Avoid blank spaces and special characters (
' '!@#$%^&") in filenames because they can be problematic for computers to interpret. Use a common letter case pattern because they are easily read by both machines and people:
Include the following information when naming files:
- Author surname
- Date of study
- Project name
- Type of data or analysis
- File extension (
.csv, .txt, .R, .xls, .tar.gz, etc.)
Describe your dataset in a README file
Provide a clear and concise description of all relevant details about data collection, processing, and analysis in a README document. This will help others interpret and reanalyze your dataset.
Plain text README files are recommended, however, PDF is acceptable when formatting is important.

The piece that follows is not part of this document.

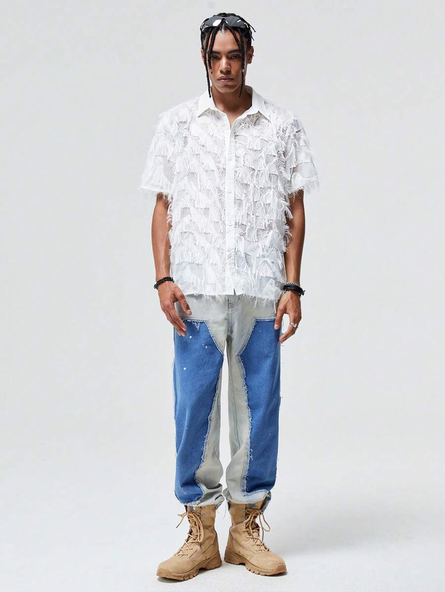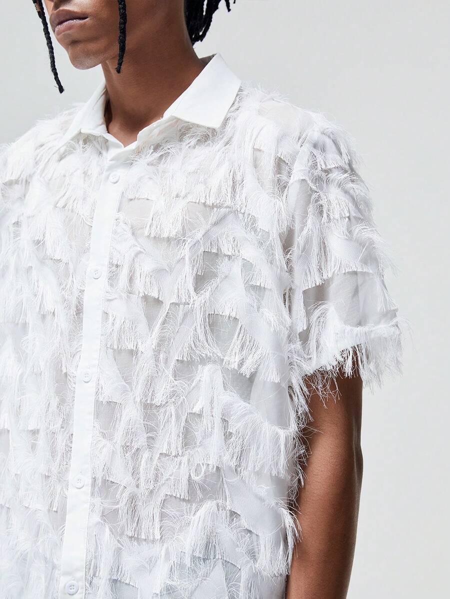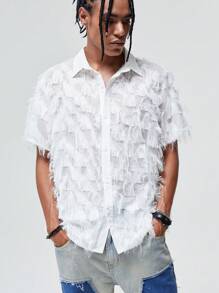 ROMWE Avant Männer Shirt mit Quasten Saum, Knopf
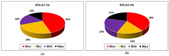 Comparison of the breakdown of energy loss between (a) experimental data and (b) simulated results for a charge/discharge cycle at 50 A for the 40-cell VRFB system investigated by Trovò et al. [18].

If you included a README in a compressed archive of files, please also upload it externally in the README section so that users are aware of the contents before downloading.
Cornell University's Research Data Management Service Group has created an excellent README template
Details to include:
- Citation(s) of your published research derived from these data
- Citation(s) of associated datasets stored elsewhere (include URLs)
- Project name and executive summary
- Contact information regarding analyses
- Methods of data processing and analysis
- Describe details that may influence reuse or replication efforts
- De-identification procedures for sensitive human subjects or endangered species data
- Specialized software (include version and developer's web address) used for analyses and file compression. If proprietary, include open source alternatives.
- Description of file(s):
- file/directory structure
- type(s) of data included (categorical, time-series, human subjects, etc.)
- relationship to the tables, figures, or sections within associated publication
- key of definitions of variable names, column headings and row labels, data codes (including missing data), and measurement units
> Log in and go to "My Datasets" to start your submission now!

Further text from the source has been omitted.